#### YOUR ASSIGNMENT
I'd ask you to write out the lines below exactly, with no images.

#### TASK INPUTS
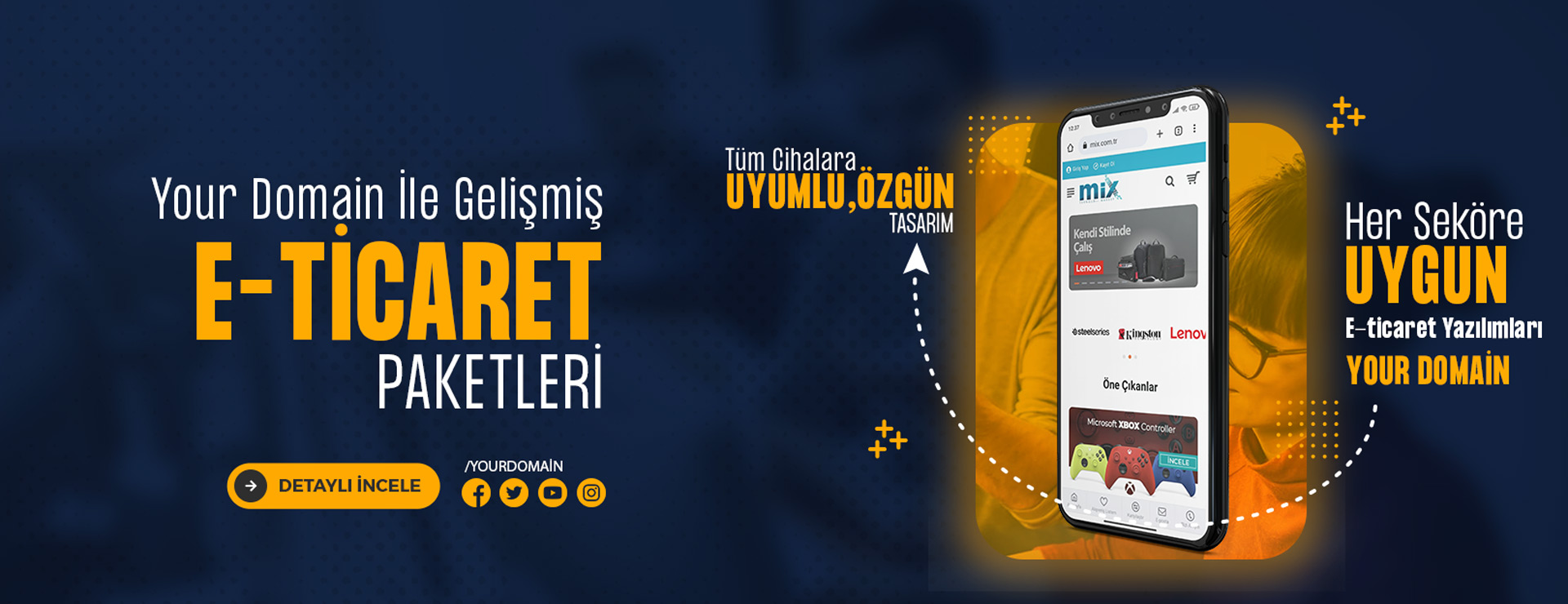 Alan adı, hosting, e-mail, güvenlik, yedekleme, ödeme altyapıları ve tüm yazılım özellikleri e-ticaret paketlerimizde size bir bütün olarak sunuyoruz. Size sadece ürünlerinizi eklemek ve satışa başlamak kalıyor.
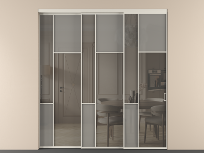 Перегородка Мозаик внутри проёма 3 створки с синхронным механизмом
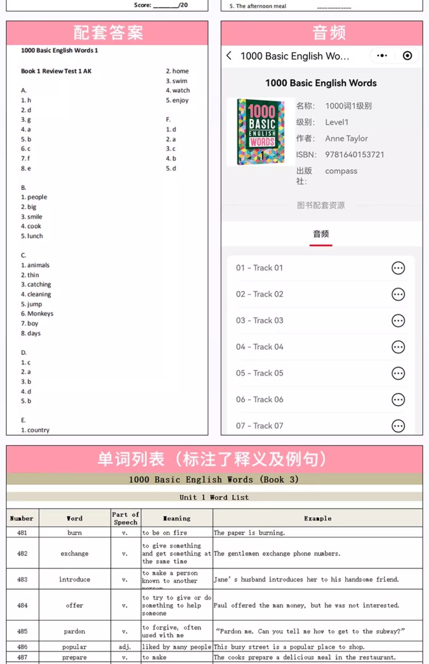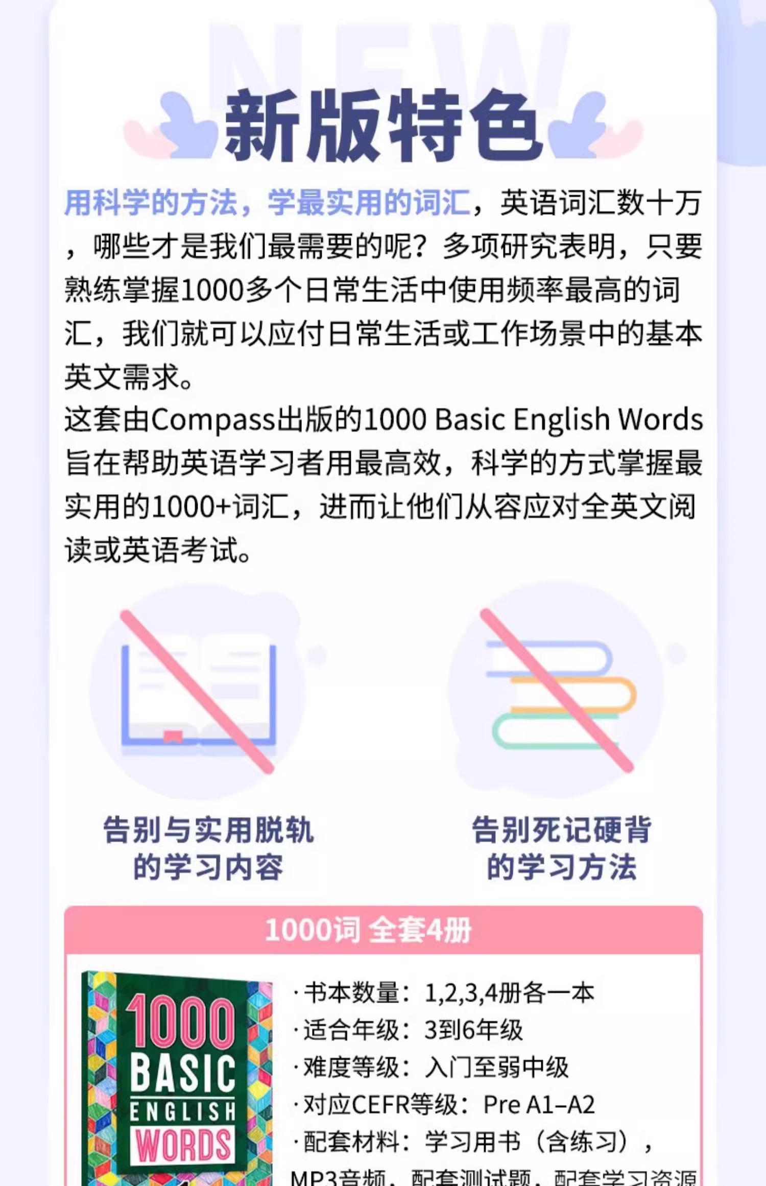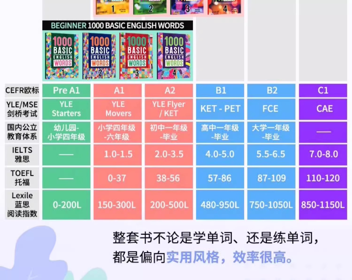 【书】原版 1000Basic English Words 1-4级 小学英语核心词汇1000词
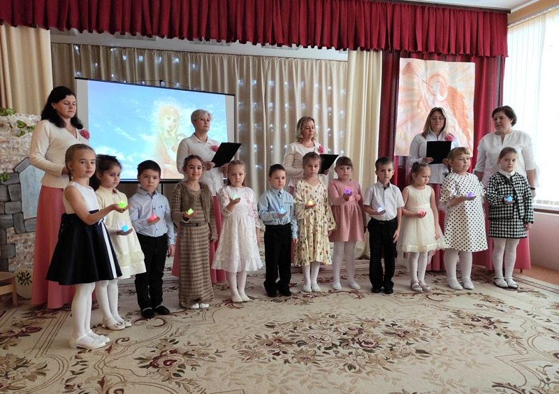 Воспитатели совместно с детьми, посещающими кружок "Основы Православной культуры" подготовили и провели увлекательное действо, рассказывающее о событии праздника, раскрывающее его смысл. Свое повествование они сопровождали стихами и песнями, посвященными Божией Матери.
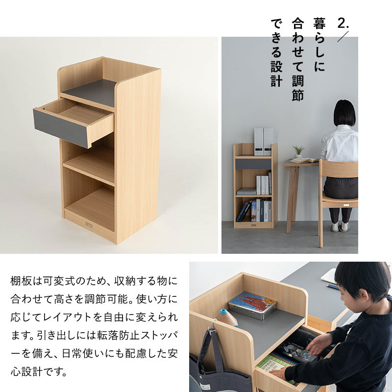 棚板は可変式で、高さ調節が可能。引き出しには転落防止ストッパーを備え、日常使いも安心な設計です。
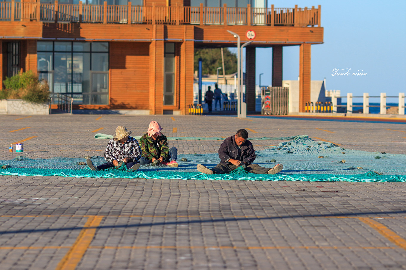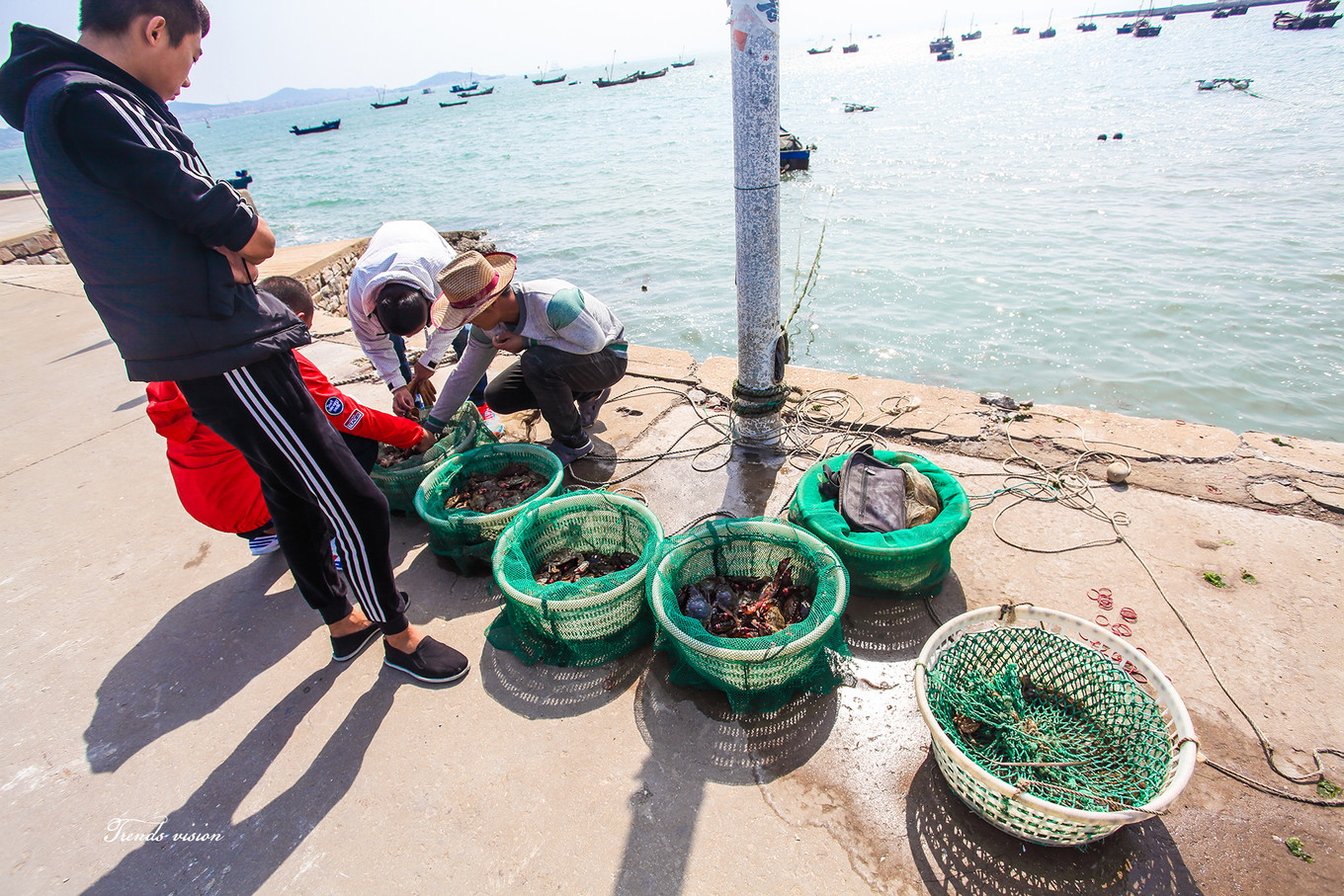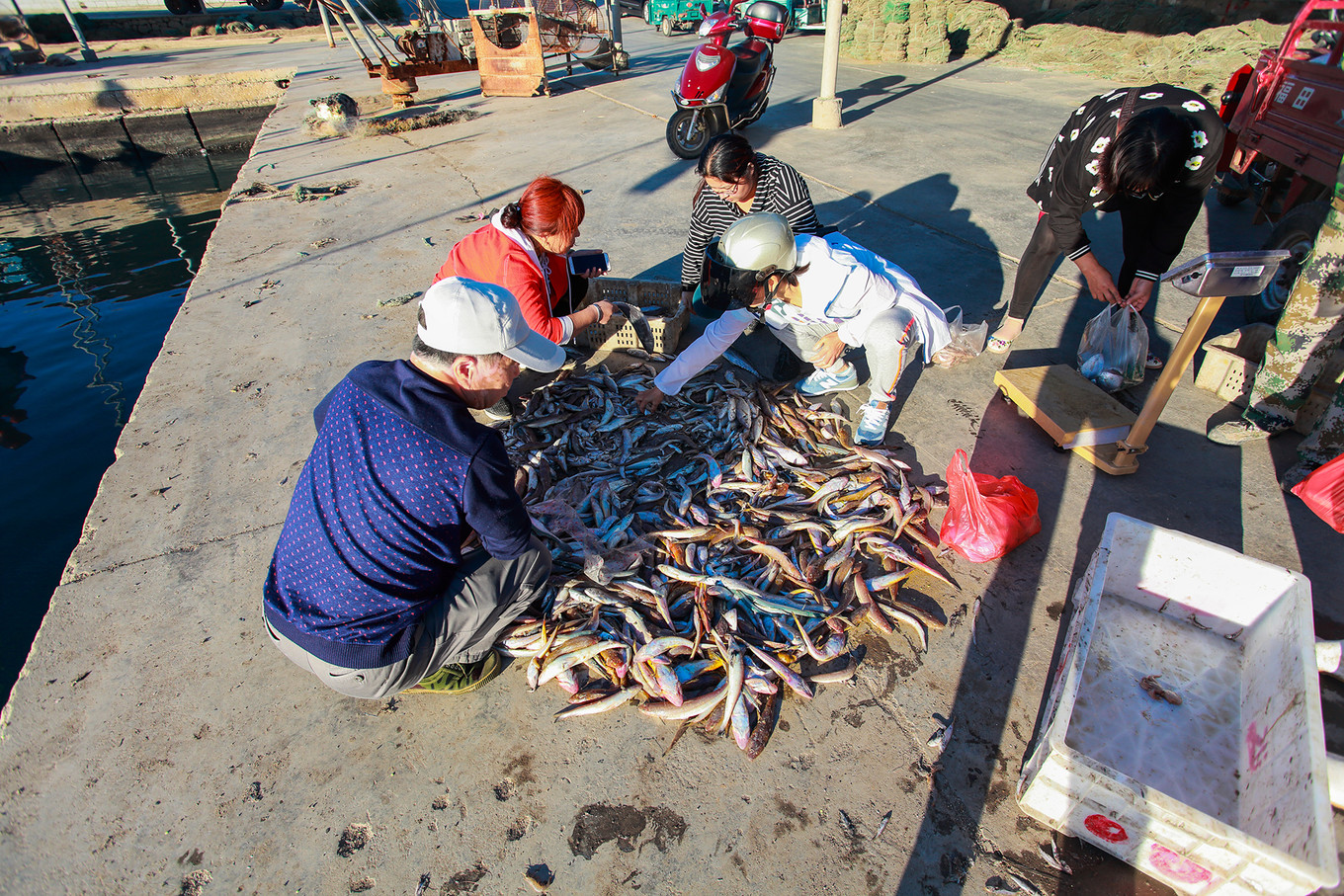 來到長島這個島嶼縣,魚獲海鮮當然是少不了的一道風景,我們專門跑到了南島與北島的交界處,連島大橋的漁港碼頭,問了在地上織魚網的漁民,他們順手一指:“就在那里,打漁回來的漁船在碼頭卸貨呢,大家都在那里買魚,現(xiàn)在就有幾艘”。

#### PROBLEM SOLUTION
 Alan adı, hosting, e-mail, güvenlik, yedekleme, ödeme altyapıları ve tüm yazılım özellikleri e-ticaret paketlerimizde size bir bütün olarak sunuyoruz. Size sadece ürünlerinizi eklemek ve satışa başlamak kalıyor.
 Перегородка Мозаик внутри проёма 3 створки с синхронным механизмом
 【书】原版 1000Basic English Words 1-4级 小学英语核心词汇1000词
 Воспитатели совместно с детьми, посещающими кружок "Основы Православной культуры" подготовили и провели увлекательное действо, рассказывающее о событии праздника, раскрывающее его смысл. Свое повествование они сопровождали стихами и песнями, посвященными Божией Матери.
 棚板は可変式で、高さ調節が可能。引き出しには転落防止ストッパーを備え、日常使いも安心な設計です。
 來到長島這個島嶼縣,魚獲海鮮當然是少不了的一道風景,我們專門跑到了南島與北島的交界處,連島大橋的漁港碼頭,問了在地上織魚網的漁民,他們順手一指:“就在那里,打漁回來的漁船在碼頭卸貨呢,大家都在那里買魚,現(xiàn)在就有幾艘”。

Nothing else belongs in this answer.